Бартоломью принялся пересказывать то, что услышал, и смутился, когда голос у него сорвался при упоминании о причастности к заговору его родственников. Кинрик сидел молча, не перебивал. Бартоломью замялся и умолк. Что еще мог он сказать? Он начал было говорить Кинрику, что потолкует с зятем и обсудит с ним университетское дело, но на первых же словах осекся. Получается, Стэнмор будет вынужден убить его, чтобы убрать с дороги, как убили сэра Джона и Элфрита? Или эту обязанность возложат на Стивена или Ричарда?
Бартоломью яростно потер глаза: под веки словно песка насыпали. Он зашел в тупик и не понимал, что ему делать. Тем временем здоровенная крыса нахально умывала усы посреди кухни. Насторожившись, зверек вскинулся на задние лапки и принялся нюхать воздух, потом юркнул в нору в углу. В тот же миг из распахнувшейся двери потянуло сквозняком.

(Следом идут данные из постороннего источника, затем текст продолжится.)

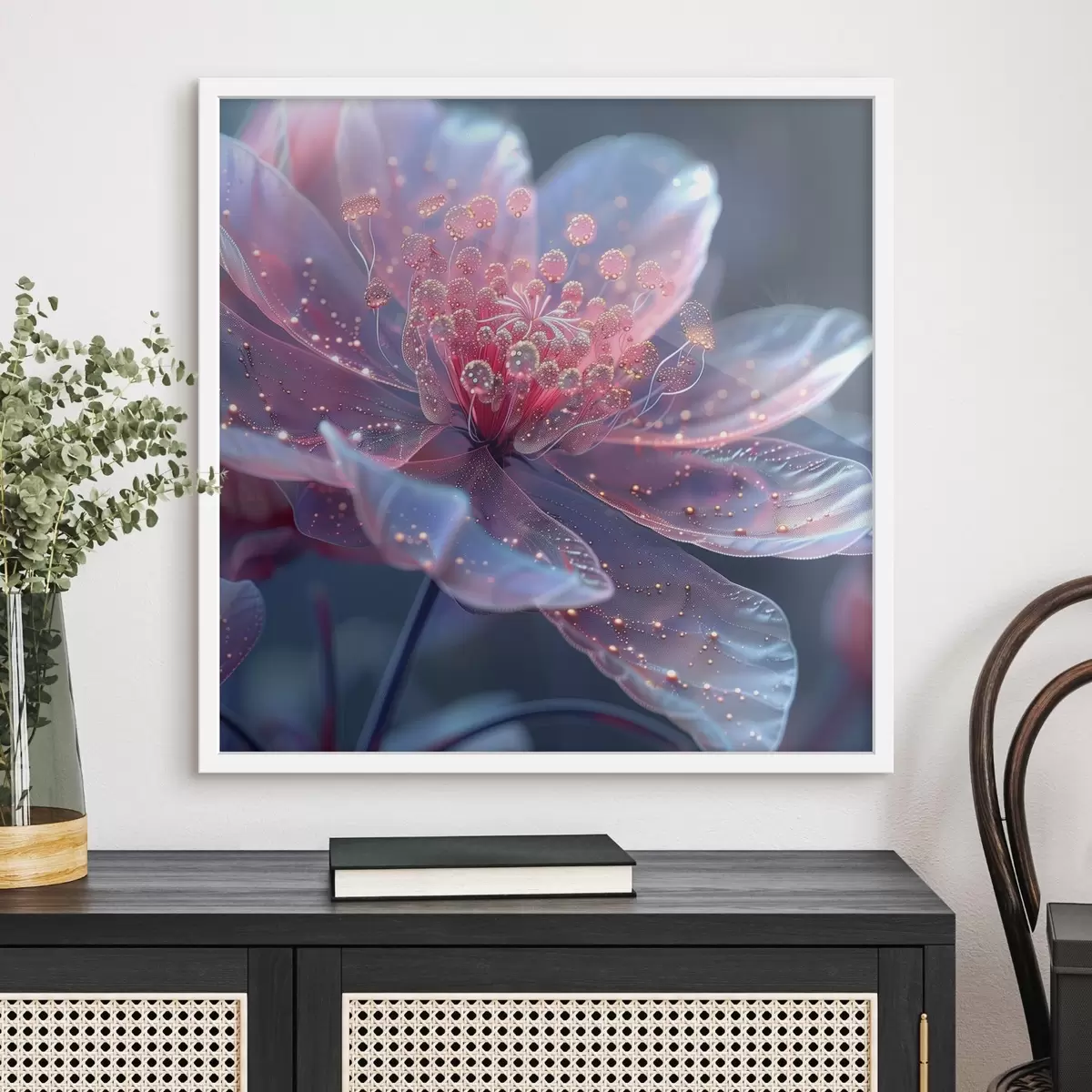 Poster Niedliche große fraktale Blume in Blau und Rosa Nr f39740

– Мэтт? – негромко произнесла Филиппа, подошла к нему и опустилась на колени рядом с его креслом. Она сжала его руку в своих. – У тебя усталый и несчастный вид. Расскажи мне, что случилось.

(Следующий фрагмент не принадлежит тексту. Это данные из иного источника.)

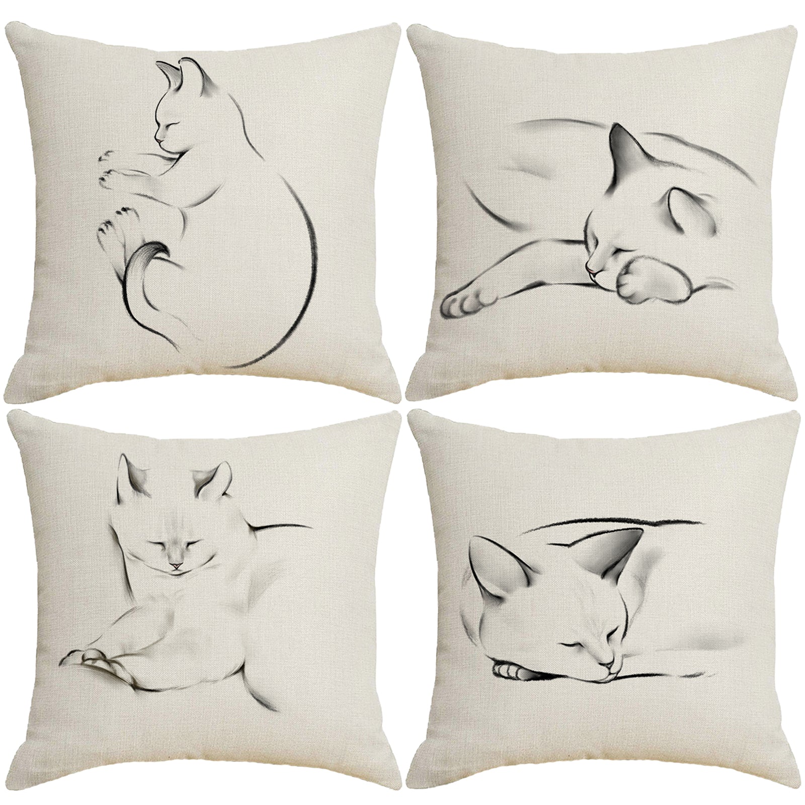 Cat Throw Pillow Covers 18x18 inch Pet Farmhouse Decorative Cushion Covers for Sofa Couch

Бартоломью с изумлением воззрился поверх ее белокурой головки на Абиньи, стоящего на пороге.
– Когда мы виделись в последний раз, на тебе было платье, – ледяным тоном заметил он, пытаясь обуздать тошнотворную дрожь под ложечкой.
– Из меня вышла отличная женщина! – с гордостью заявил Абиньи. – Почти четыре дня водил твоих родных за нос. И дальше бы водил, если бы ты не оказался столь невоспитанным и не вломился в будуар дамы без предупреждения.
Бартоломью приподнялся в кресле, отнял руку у Филиппы, но потом снова сел, не зная толком, что делать. Абиньи непринужденно устроился на одной из скамеек.
– Мы должны все тебе объяснить, – сказал он.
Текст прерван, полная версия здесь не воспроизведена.